Guy asked why she, of all people, would be consulting a book that foretold the future when she had the gift of sight, but she simply mumbled something about retracing her steps. “I think it happened when I was watching that Love Boat marathon. I was entranced by Isaac’s pearly white smile and witty humor. I couldn’t stop watching,” she said. “That’s when I must’ve missed something I was supposed to do, a step I was supposed to take to keep everything on track—a letter I was supposed to write? Or! Maybe it was that Hungry Hungry Hippos tournament I needed to schedule. I don’t know! Then they stopped. Just”—she snapped her fingers—“like that. Every last one of them, gone! It’s been weeks now.”

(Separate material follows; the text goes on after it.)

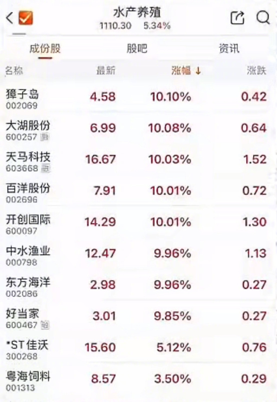 A股水产板块大涨8.97%,国联水产等多股涨停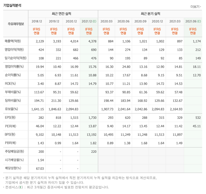 영업이익 : 2018년 424억원, 2019년 332억원, 2020년 682억원, 2020년 1분기 133억원으로 전년동기대비 감소하였습니다. 2021년 1분기는 전년동기대비 -7.9% 감소하였습니다. 2020년 분기별로 보면 2분기 274억원, 3분기 134억원, 4분기 129억원입니다.

“The Love Boat reruns?” I asked.

“No! The dead! The dead!” She began to cry, which literally freaked me out. Because if someone like Cimil was upset, that meant something bad, very, very bad, was going down.

“Mind elaborating? Some of us are new to the deity club.”

“I can’t see the future. I never have! I need them and they’re gone!”

Guy’s eyes went wide along with everyone else’s. “Wha-what are you saying?” He set her down.

“I lied.” She pressed her hands to the side of her face. “That’s what I’m saying. I can’t see the future—well, not the way you think. I see snippets, little clues, but they are usually meaningless.”

“Then how, how do you always known so much? For Christ’s sake, you even watch television in the future,” Zac asked.

“I am Goddess of the Underworld—not that there really is an Underworld. Although, there is the Short Hills mall near the Jersey Turnpike; they have Chanel and Dolce! That’s why the dead like to hang out there. Fashion never goes out of fashion. Yunno?”

Holy mother of broken brains, this goddess is so bat-shit crazy. How in the world did she get this job?

“No! We don’t know, Cimil! We have no clue what you’re talking about!”

Her eyes darted around the room in a paranoid manner. Then she whispered, “I look after the souls of the dead, and they see everything: future, past, present—the dead exist in the place beyond time or dimensions. Everything they knew, I knew. Everything they saw, I saw.”

Hands down, this had to be the weirdest thing I’d ever heard. In fact, if they took every episode of the Twilight Zone, put them in a blender and simmered them for ten hours into a condensed soup of weirdness and the unthinkable, that wouldn’t come close to competing with this funky concoction.